Recorded data:
..............................
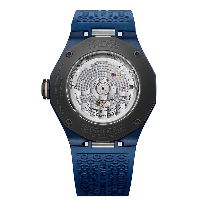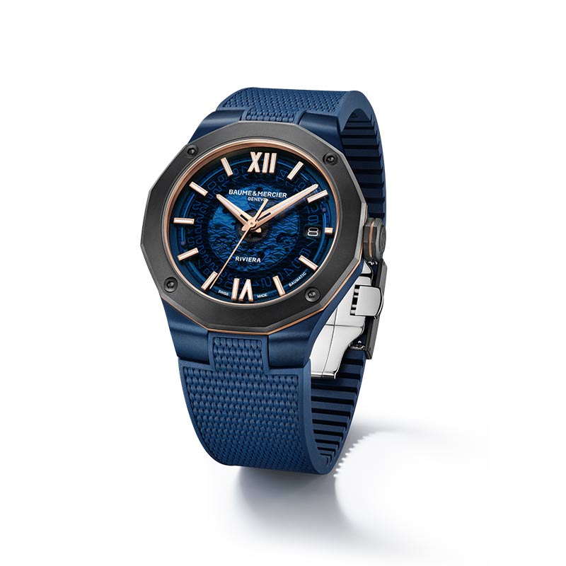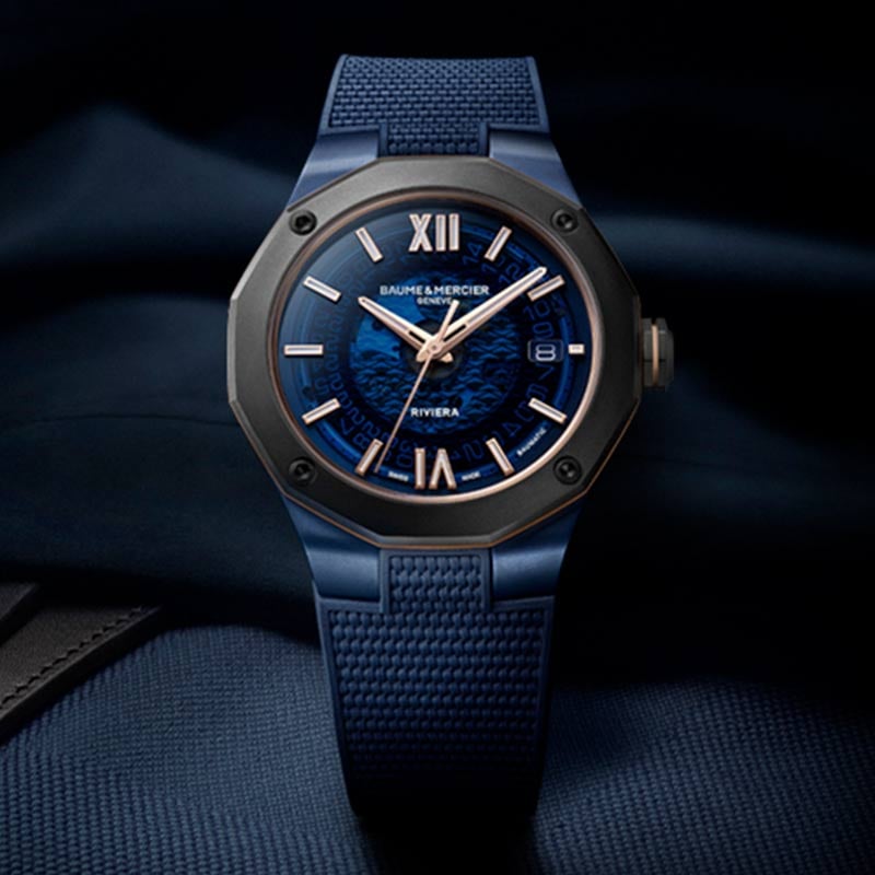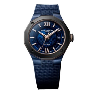 The Baume & Mercier Riviera M0A10769watch has an elegant design, which displays a blue dial. It features a blue rubber strap that ensures comfort and durability. It has a stainless steel case with blue PVD and titanium with a diameter of 42mm. It incorporates a Manufacture Baumatic automatic movement, which provides a power reserve of approximately 120 hours. It is an elegant watch with a sporty style, suitable for wearing on any occasion.
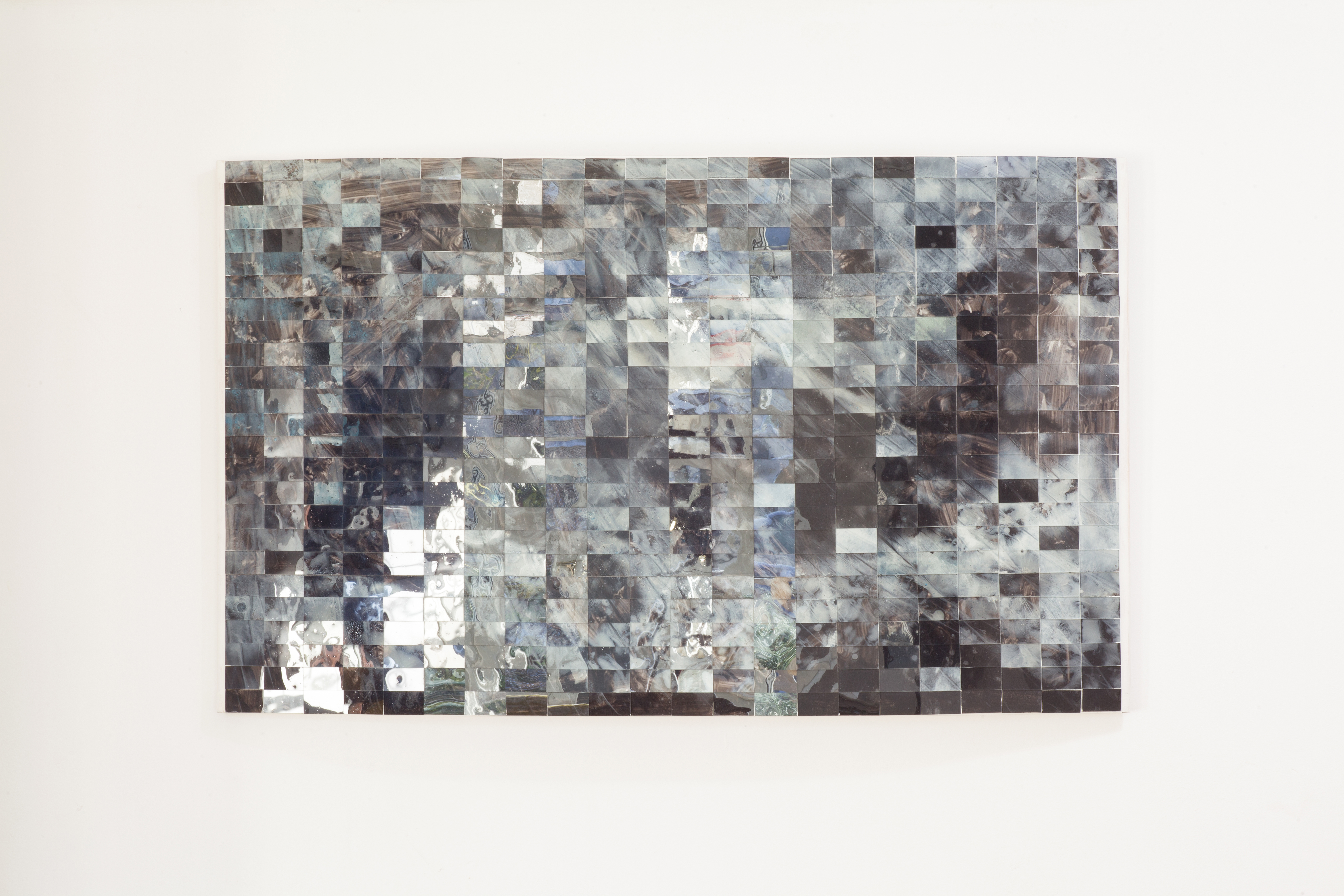 Description of the work: Vermeer are a series of curved reliefs whose reflective glass surface refracts the environment so that the viewer's perception switches between examining the image and the reflection. A painted response with glass enamels which are fired onto glass, cut up and collaged onto a curved timber frame which emphasizes the pixilated image. It is a system which questions what we see and how we see.
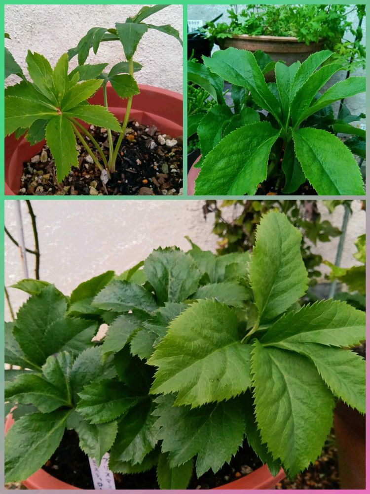 2枚目、クリスマスローズ♫左上が新入りさん🌱、右上が2年目☘️下が3年目🌿。
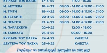 Read moreDetailsΟ Εμπορικός Σύλλογος Κοζάνης ενημερώνει εργαζόμενους και καταναλωτικό κοινό το εορταστικό Πασχαλινό ωράριο των καταστημάτων. Με τις δύσκολες εποχές που επικρατούν, ευχόμαστε σε όλους τους συναδέλφους υπομονή και υγεία και...
..............................
Work instruction:
The expected output is the material above, repeated exactly and free of pictures.

Task answer:
 The Baume & Mercier Riviera M0A10769watch has an elegant design, which displays a blue dial. It features a blue rubber strap that ensures comfort and durability. It has a stainless steel case with blue PVD and titanium with a diameter of 42mm. It incorporates a Manufacture Baumatic automatic movement, which provides a power reserve of approximately 120 hours. It is an elegant watch with a sporty style, suitable for wearing on any occasion.
 Description of the work: Vermeer are a series of curved reliefs whose reflective glass surface refracts the environment so that the viewer's perception switches between examining the image and the reflection. A painted response with glass enamels which are fired onto glass, cut up and collaged onto a curved timber frame which emphasizes the pixilated image. It is a system which questions what we see and how we see.
 2枚目、クリスマスローズ♫左上が新入りさん🌱、右上が2年目☘️下が3年目🌿。
 Read moreDetailsΟ Εμπορικός Σύλλογος Κοζάνης ενημερώνει εργαζόμενους και καταναλωτικό κοινό το εορταστικό Πασχαλινό ωράριο των καταστημάτων. Με τις δύσκολες εποχές που επικρατούν, ευχόμαστε σε όλους τους συναδέλφους υπομονή και υγεία και...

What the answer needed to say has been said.